Água, os astrônomos têm verdadeira obsessão por esse elemento, seja no planeta que for no objeto que for.

Existe toda a ligação da água com a vida como conhecemos, então isso justifica e muito toda essa busca pelo H2O no universo.

Quando falamos de objetos próximos, como a Lua e Marte, por exemplo, além da vida a água passa a ter outros interesses, além de poder ajudar na exploração prolongada desses mundos pelo ser humano, pode ser um recurso para impulsionar sondas para o espaço profundo.

A história da água na Lua, não é recente, e certamente muitos outros capítulos ainda serão escritos.

A possibilidade de se encontrar gelo de água no assoalho de crateras lunares localizadas nos polos do nosso satélite foi sugerida pela primeira vez em 1961 pelos pesquisadores Kenneth Murray e Harrison Brown do Caltech.

Embora, traços de água tenham sido encontrados em amostras de rochas lunares trazidas para a Terra pelas missões Apollo, os pesquisadores assumiram isso como contaminação e toda a superfície da Lua foi dita como sendo completamente seca.

A primeira evidência direta de água na Lua, foi obtida pelo instrumento conhecido como Experimento de Detecção de íons supratermais, esse instrumento em 7 de março de 1971 detectou uma série de rajadas de íons de vapor d’água na superfície perto do local de pouso da missão Apollo 14.

Em fevereiro de 1978, os cientistas soviéticos Akhmanova, Dementiev e Markov do Instituto de Geoquímica Vernadsky publicaram um artigo onde falavam na detecção de água, o estudo mostra que amostras que retornaram para a Terra, a bordo da sonda soviética Luna 24 continham 0.1% de água por unidade de massa, como foi visto na espectroscopia de absorção infravermelha, no comprimento de onda de 3 mícrons.

Durante os anos 1980 e 1990 essa busca por água na Lua ficou meio parada, até que em 1994 sonda norte-americana Clementine, fez o seu experimento de radar bi-esta’tico, onde ela atirava um feixe de ondas de rádio na Lua e a reflexão dessas ondas eram captadas na Terra, pelas grandes antenas do sistema Deep Space Network.

Embora os resultados tenham sido inconclusivos para a água o experimento detectou uma grande área na Lua que fica permanentemente na sombra, e que então teria a chance de conter gelo de água, a partir desse ponto o foco das missões foi tentar encontrar assinaturas relacionadas com gelo de água nas regiões polares da Lua.

Lançada em 1998, a sonda Lunar Prospector usou o seu espectrômetro de nêutrons para medir a quantidade de hidrogênio no regolito lunar perto das regiões polares, ela foi capaz de determinar a abundância de hidrogênio  e a localização  da concentração de hidrogênio nos polos norte e sul da Lua.
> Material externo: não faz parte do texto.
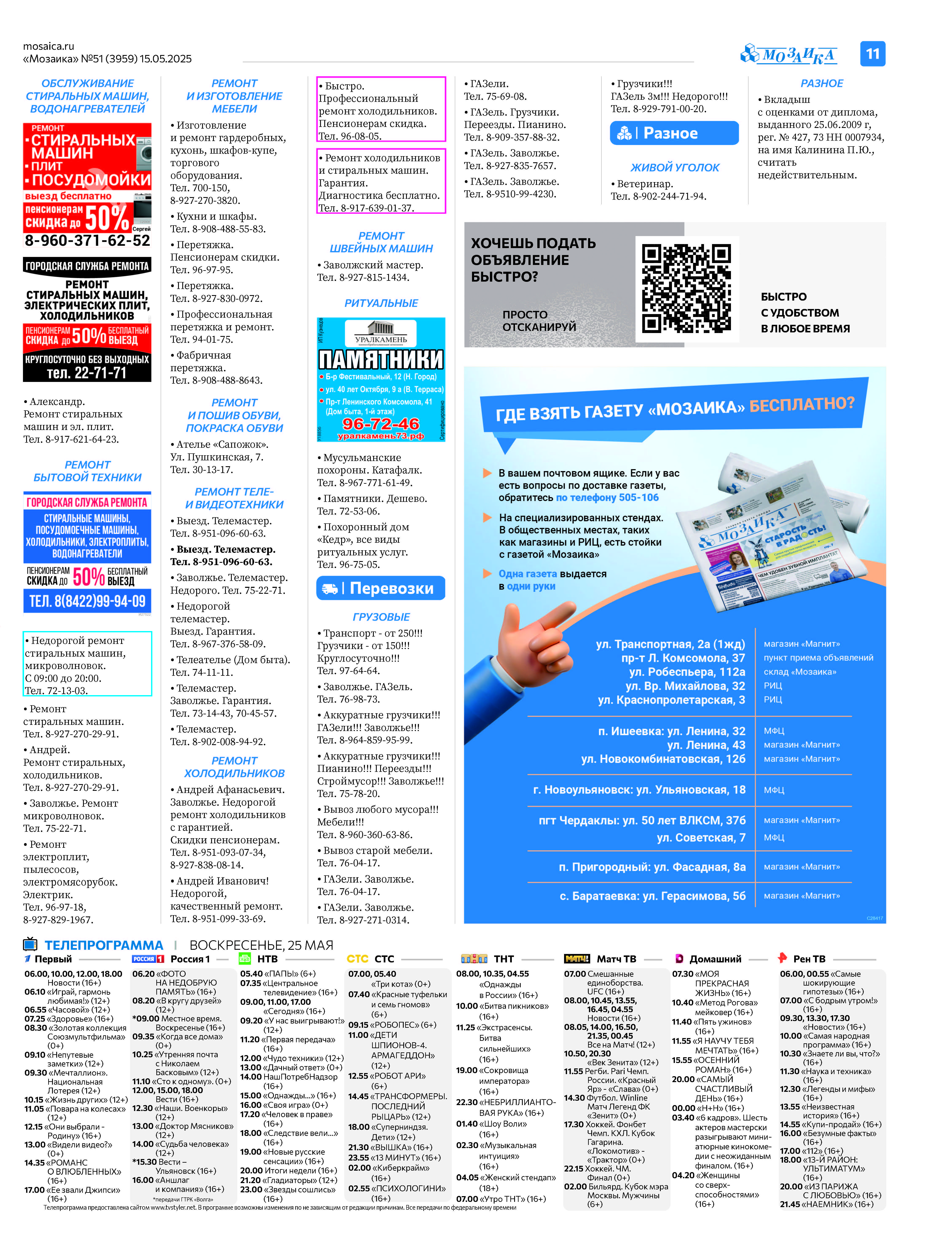 "Мозаика" №51 (3959) от 15 мая 2025 г.

Os resultados indicavam uma grande quantidade de gelo de água armazenado nas crateras que ficam permanentemente nas sombras, mas essa medida podia também estar relacionada à hidroxila, OH, e por isso o resultado foi inconclusivo para a água.

E aqui vale uma explicação, a hidroxila e a água, ou seja, o OH e o H2O, são muito difíceis de serem separados no espectro e por isso muitas medidas ficavam com interpretações ambíguas.

Em julho de 1999, a missão Lunar Prospector foi encerrada, com a sonda sendo enviada para colidir na Cratera Shoemaker perto do polo sul lunar, a ideia era detectar algum tipo de gelo de água sendo liberado no impacto, mas as observações não identificaram nada.

E em 1999, enquanto seguia para Saturno, a sonda Cassini-Huygens também passou pela Lua e tentou detectar água, mas os resultados mais uma vez foram inconclusivos.

Terminamos assim o século 20 e nada de encontrar a bendita água na Lua.

Em 2005, a sonda Deep Impact também investigou a presença de água na Lua e os resultados foram inconclusivos.

Em 2006, foi a vez da antena de Arecibo pesquisar pela água na Lua  perto dos locais estudados anteriormente pela sonda Clementine, e os resultados mostraram que na verdade os sinais eram rochas ejetadas durante a formação de crateras recentes.

Mas os estudos feitos com o Arecibo não excluíram a presença de gelo de água em crateras que ficam eternamente nas sombras.

Em junho de 2009, a sonda Deep Impact, rebatizada de EPOXI conseguiu confirmar a presença de hidrogênio no seu sobrevoo pela Lua.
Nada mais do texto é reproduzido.